Restraining reactive oxygen species in Listeria monocytogenes promotes the apoptosis of glial cells

Figures & data

Figure 1 DPI treatment efficiently decreased ROS levels in a dose-dependent manner without affecting the growth of L. monocytogenes. (A) ROS level in L. monocytogenes decreased dose-dependently with DPI concentrations. ROS was measured by DCFH-DA, and fluorescence was determined to indicate the ROS level. The ROS level of 0 μM DPI-treated bacteria was set at 100%, and those of the other groups were divided by that of the 0 μM-treated group to normalize the data. One-way ANOVA was used to perform statistical analysis, *P < 0.05, **P < 0.01, ***P < 0.001. (B) CFU of L. monocytogenes was not altered when treated with DPI. CFU of each group was transformed to log CFU. C, MTT assays suggested no considerable changes in bacterial activity under DPI treatment. The absorbance data at 570 nm of each group were normalized with the same method used in (A) and (B).

Figure 2 NAC treatment decreased ROS level in L. monocytogenes without affecting bacterial growth. (A) ROS in L. monocytogenes decreased with decreasing NAC concentration. The ROS level of 0 mM NAC-treated bacteria was set at 100%, and those of the other groups were divided by that of the 0 mM-treated group to normalize the data. One-way ANOVA was used to perform statistical analysis, *P < 0.05. (B) CFU of L. monocytogenes was not altered when treated with NAC. CFU of each group was transformed to log CFU. (C) MTT assays suggested no considerable changes in bacterial activity under NAC treatment. The absorbance data at 570 nm of each group were normalized with same method used in (A) and (B).

Figure 3 Apoptosis ratio of glial cells increased upon invasion by DPI- and NAC-treated L. monocytogenes. (A) Flow cytometry data of U251 cells without L. monocytogenes invasion. X-axis refers to the annexin V-FITC, and the Y-axis refers to PI. Cell status is analyzed in four quadrants, and annexin V⁺/PI⁺ double-positive cells are presented in the upper-right quadrant. (B) Flow cytometry assay of U251 cells after invasion by EGDe. (C) Flow cytometry assay of U251 cells after invasion by DPI-treated EGDe. (D) Flow cytometry assay of U251 cells after invasion by NAC-treated EGDe. (E) Statistical analysis of cells in each quadrant of the cytometry assay. (F) Statistical data of annexin V⁺/PI⁺ positive cells. Student t-test was used for statistical analysis, *P < 0.05, **P < 0.01.
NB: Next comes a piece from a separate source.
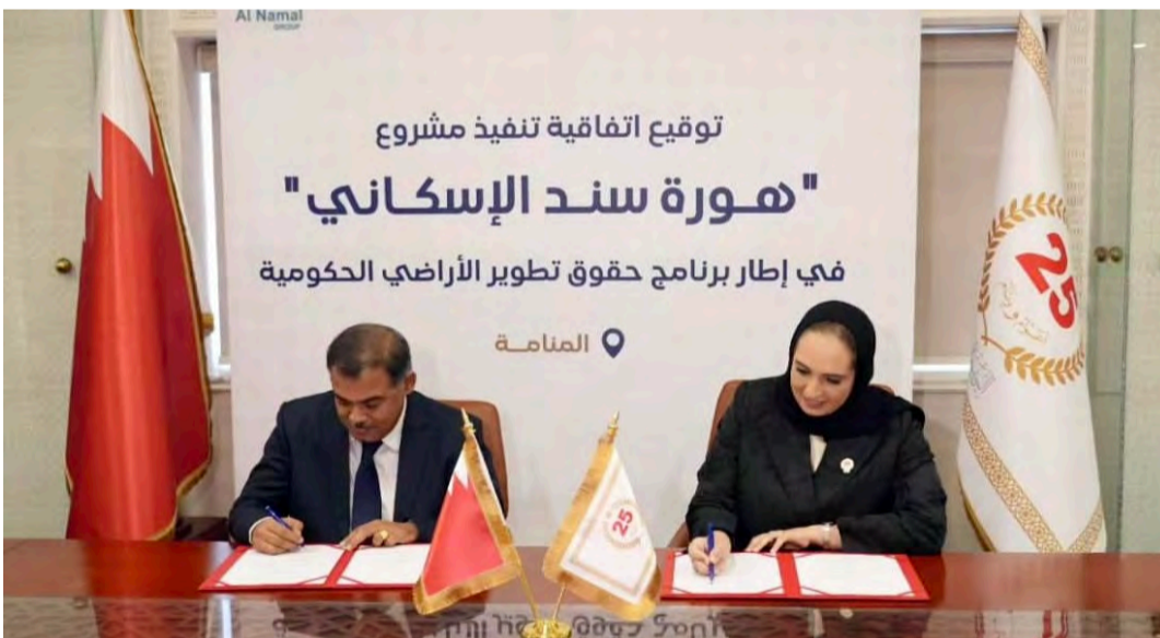
The deal signing

Figure 4 PI staining analysis of U251 cells after invasion by L. monocytogenes. (A) DAPI and PI staining of U251 cells after invasion by EGDe without treatment. (B) DAPI and PI staining of U251 cells after invasion by 2.0 μM DPI-treated EGDe. (C) DAPI and PI staining of U251 cells after invasion by 1.0 mM DPI-treated EGDe. (D) Statistical analysis of apoptotic cells in (A–C). Apoptosis ratio was calculated by dividing the number of PI-positive cells with that of DAPI-positive cells. Student t-test was used for statistical analysis, *P < 0.05, **P < 0.01. (E) Immunostaining of L. monocytogenes. As no permeation was taken, only extracellular bacteria can be labeled (Red), intracellular bacteria and cell nucleus were labeled with DAPI (Blue), U251 cells were labeled with Acti-stain 488(Green).